## WHAT IS NEEDED
Please give back, exactly as written, the lines from the line with "Use the Offset" to the line with "Micro greens superfood." in the listing below, leaving out all pictures.

## MATERIAL PROVIDED
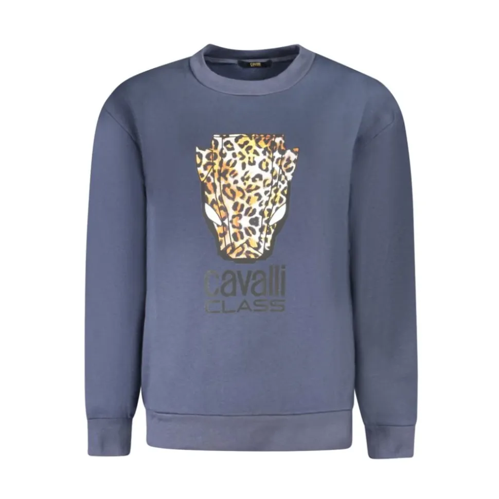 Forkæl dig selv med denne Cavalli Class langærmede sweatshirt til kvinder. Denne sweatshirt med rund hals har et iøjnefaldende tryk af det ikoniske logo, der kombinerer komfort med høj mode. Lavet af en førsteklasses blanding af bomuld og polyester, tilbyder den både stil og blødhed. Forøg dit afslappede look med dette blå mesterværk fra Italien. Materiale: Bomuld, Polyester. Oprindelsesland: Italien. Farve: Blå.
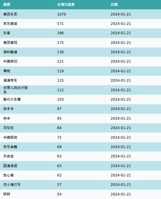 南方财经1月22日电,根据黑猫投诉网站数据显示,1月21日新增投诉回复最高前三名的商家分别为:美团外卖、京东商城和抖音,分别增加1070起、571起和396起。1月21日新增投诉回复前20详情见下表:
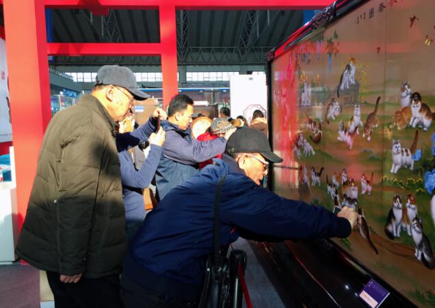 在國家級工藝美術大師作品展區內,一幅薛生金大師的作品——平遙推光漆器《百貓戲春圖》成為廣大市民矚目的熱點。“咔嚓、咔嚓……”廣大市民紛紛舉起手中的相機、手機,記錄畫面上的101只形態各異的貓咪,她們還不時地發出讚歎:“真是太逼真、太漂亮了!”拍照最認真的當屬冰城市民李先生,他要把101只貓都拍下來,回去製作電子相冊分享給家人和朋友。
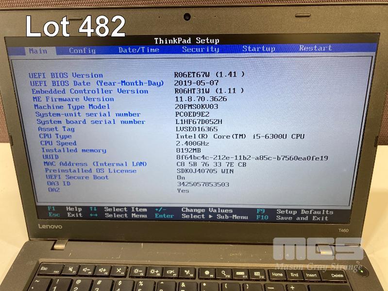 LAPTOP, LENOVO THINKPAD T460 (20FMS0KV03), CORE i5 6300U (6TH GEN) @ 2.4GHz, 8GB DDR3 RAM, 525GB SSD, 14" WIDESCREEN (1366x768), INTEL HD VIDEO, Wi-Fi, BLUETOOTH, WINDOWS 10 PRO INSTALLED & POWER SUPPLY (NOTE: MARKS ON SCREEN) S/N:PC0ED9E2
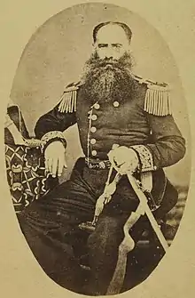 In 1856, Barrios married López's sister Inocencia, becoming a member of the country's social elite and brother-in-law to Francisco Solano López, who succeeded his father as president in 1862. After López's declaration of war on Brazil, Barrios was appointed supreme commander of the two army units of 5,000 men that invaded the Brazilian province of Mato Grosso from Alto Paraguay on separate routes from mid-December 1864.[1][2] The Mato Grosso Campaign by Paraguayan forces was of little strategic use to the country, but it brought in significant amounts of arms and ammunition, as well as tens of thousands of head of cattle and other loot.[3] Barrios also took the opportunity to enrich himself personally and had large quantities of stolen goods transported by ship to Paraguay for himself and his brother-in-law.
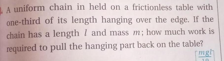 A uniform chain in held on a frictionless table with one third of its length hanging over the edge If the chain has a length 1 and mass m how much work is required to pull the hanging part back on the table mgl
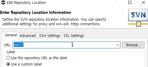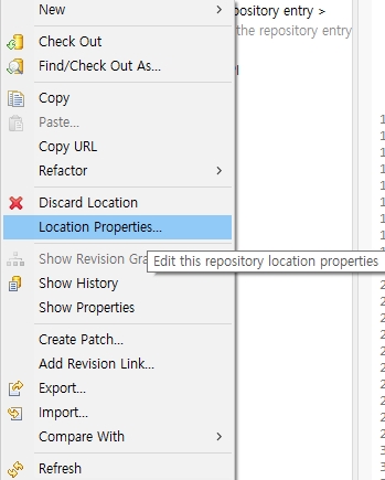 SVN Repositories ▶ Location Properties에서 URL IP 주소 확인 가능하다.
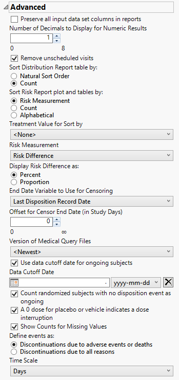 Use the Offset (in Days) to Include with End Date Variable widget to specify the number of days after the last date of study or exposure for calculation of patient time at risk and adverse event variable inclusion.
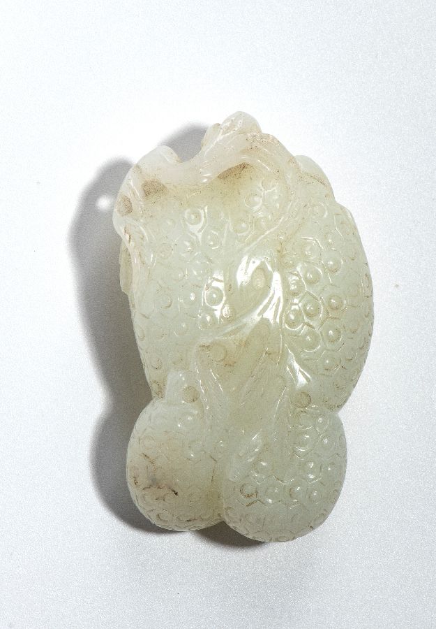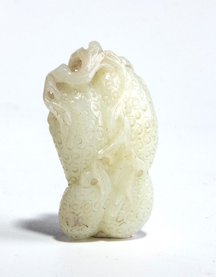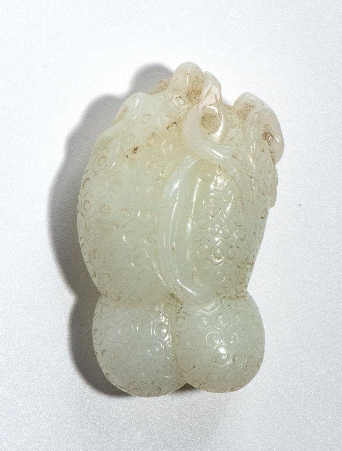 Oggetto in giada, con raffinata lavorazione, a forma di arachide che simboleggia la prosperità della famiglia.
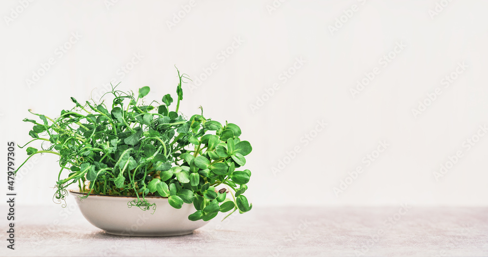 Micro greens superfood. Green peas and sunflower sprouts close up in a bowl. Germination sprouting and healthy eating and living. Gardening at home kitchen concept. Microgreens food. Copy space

* * *

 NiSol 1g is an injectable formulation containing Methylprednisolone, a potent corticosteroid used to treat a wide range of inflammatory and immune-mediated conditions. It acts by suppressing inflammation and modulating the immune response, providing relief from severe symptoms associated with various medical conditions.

## OUTPUT FOR THIS TASK
 Use the Offset (in Days) to Include with End Date Variable widget to specify the number of days after the last date of study or exposure for calculation of patient time at risk and adverse event variable inclusion.
 Oggetto in giada, con raffinata lavorazione, a forma di arachide che simboleggia la prosperità della famiglia.
 Micro greens superfood. Green peas and sunflower sprouts close up in a bowl. Germination sprouting and healthy eating and living. Gardening at home kitchen concept. Microgreens food. Copy space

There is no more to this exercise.